▶ Task directions:
Retype every line of the data below, starting with the first and ending with the line that contains "Емкость Practic универсальная", but leave out the pictures.

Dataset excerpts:
+===+

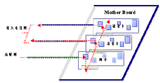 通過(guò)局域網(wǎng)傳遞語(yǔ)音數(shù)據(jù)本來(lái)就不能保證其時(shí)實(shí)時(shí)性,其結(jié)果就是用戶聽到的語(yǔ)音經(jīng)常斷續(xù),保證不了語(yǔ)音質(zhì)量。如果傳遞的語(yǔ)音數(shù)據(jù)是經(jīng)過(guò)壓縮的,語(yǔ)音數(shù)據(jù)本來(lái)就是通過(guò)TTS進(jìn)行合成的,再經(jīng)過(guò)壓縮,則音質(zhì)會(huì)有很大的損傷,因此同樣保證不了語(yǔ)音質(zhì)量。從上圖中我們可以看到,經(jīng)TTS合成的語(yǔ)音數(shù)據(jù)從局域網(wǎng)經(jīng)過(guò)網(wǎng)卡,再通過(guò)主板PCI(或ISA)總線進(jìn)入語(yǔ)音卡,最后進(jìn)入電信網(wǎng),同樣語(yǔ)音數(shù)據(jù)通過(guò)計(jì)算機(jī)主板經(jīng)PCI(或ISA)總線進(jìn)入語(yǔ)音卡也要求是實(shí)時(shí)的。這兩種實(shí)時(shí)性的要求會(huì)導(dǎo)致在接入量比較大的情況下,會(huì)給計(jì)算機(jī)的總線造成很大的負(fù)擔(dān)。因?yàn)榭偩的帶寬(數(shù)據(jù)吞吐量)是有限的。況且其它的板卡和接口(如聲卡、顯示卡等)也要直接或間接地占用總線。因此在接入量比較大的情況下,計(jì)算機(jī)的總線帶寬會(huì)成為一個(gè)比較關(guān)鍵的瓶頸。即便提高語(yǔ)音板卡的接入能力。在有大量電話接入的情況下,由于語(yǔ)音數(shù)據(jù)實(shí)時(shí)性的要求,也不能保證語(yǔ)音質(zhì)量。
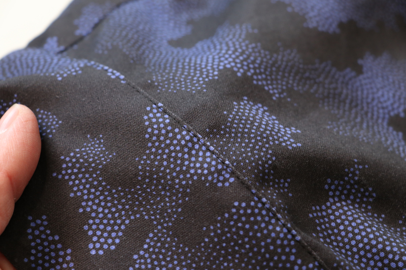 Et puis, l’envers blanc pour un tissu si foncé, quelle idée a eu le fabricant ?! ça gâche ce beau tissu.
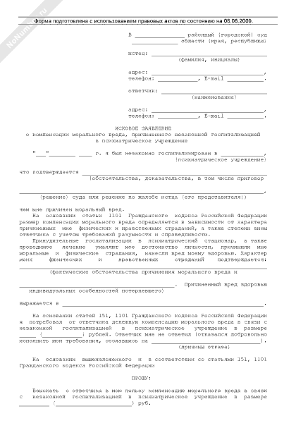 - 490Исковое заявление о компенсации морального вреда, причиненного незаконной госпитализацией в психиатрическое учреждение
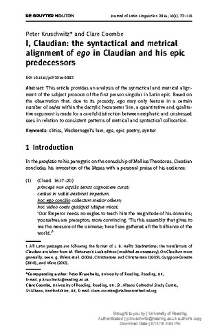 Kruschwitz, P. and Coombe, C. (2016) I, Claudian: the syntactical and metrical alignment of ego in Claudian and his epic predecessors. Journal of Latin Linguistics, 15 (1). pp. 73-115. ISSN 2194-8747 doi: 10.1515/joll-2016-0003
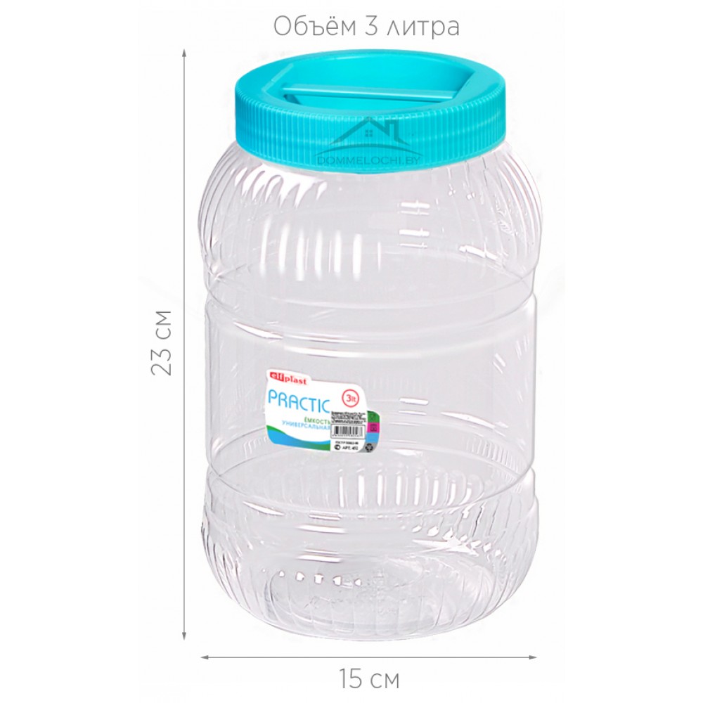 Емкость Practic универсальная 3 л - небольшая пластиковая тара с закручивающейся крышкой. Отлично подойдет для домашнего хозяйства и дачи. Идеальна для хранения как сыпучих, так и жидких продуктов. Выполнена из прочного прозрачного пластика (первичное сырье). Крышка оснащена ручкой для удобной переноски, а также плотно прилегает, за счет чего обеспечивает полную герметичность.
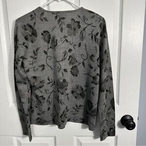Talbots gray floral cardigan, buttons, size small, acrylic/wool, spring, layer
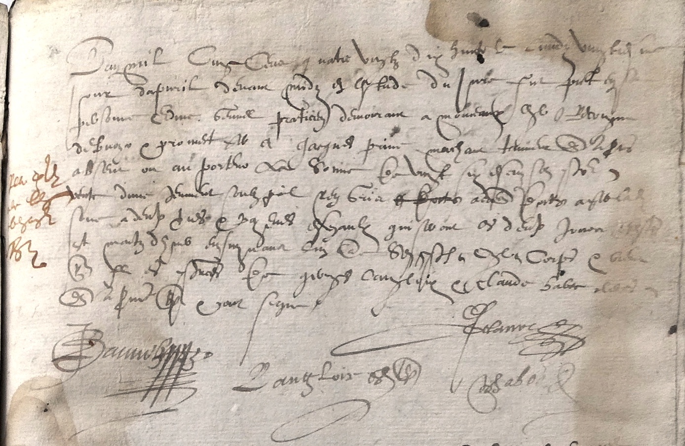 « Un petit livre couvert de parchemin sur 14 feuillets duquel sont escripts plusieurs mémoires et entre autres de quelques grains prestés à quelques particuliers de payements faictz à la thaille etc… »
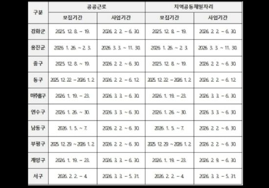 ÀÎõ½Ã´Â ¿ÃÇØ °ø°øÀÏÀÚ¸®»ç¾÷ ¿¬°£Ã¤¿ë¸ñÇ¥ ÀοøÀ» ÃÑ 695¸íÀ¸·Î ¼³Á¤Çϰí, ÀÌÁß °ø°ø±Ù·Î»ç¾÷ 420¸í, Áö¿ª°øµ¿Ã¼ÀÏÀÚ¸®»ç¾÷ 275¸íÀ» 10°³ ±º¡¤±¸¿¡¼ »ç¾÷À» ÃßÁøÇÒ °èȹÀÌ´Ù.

+===+

▶ Written answer:
 通過(guò)局域網(wǎng)傳遞語(yǔ)音數(shù)據(jù)本來(lái)就不能保證其時(shí)實(shí)時(shí)性,其結(jié)果就是用戶聽到的語(yǔ)音經(jīng)常斷續(xù),保證不了語(yǔ)音質(zhì)量。如果傳遞的語(yǔ)音數(shù)據(jù)是經(jīng)過(guò)壓縮的,語(yǔ)音數(shù)據(jù)本來(lái)就是通過(guò)TTS進(jìn)行合成的,再經(jīng)過(guò)壓縮,則音質(zhì)會(huì)有很大的損傷,因此同樣保證不了語(yǔ)音質(zhì)量。從上圖中我們可以看到,經(jīng)TTS合成的語(yǔ)音數(shù)據(jù)從局域網(wǎng)經(jīng)過(guò)網(wǎng)卡,再通過(guò)主板PCI(或ISA)總線進(jìn)入語(yǔ)音卡,最后進(jìn)入電信網(wǎng),同樣語(yǔ)音數(shù)據(jù)通過(guò)計(jì)算機(jī)主板經(jīng)PCI(或ISA)總線進(jìn)入語(yǔ)音卡也要求是實(shí)時(shí)的。這兩種實(shí)時(shí)性的要求會(huì)導(dǎo)致在接入量比較大的情況下,會(huì)給計(jì)算機(jī)的總線造成很大的負(fù)擔(dān)。因?yàn)榭偩的帶寬(數(shù)據(jù)吞吐量)是有限的。況且其它的板卡和接口(如聲卡、顯示卡等)也要直接或間接地占用總線。因此在接入量比較大的情況下,計(jì)算機(jī)的總線帶寬會(huì)成為一個(gè)比較關(guān)鍵的瓶頸。即便提高語(yǔ)音板卡的接入能力。在有大量電話接入的情況下,由于語(yǔ)音數(shù)據(jù)實(shí)時(shí)性的要求,也不能保證語(yǔ)音質(zhì)量。
 Et puis, l’envers blanc pour un tissu si foncé, quelle idée a eu le fabricant ?! ça gâche ce beau tissu.
 - 490Исковое заявление о компенсации морального вреда, причиненного незаконной госпитализацией в психиатрическое учреждение
 Kruschwitz, P. and Coombe, C. (2016) I, Claudian: the syntactical and metrical alignment of ego in Claudian and his epic predecessors. Journal of Latin Linguistics, 15 (1). pp. 73-115. ISSN 2194-8747 doi: 10.1515/joll-2016-0003
 Емкость Practic универсальная 3 л - небольшая пластиковая тара с закручивающейся крышкой. Отлично подойдет для домашнего хозяйства и дачи. Идеальна для хранения как сыпучих, так и жидких продуктов. Выполнена из прочного прозрачного пластика (первичное сырье). Крышка оснащена ручкой для удобной переноски, а также плотно прилегает, за счет чего обеспечивает полную герметичность.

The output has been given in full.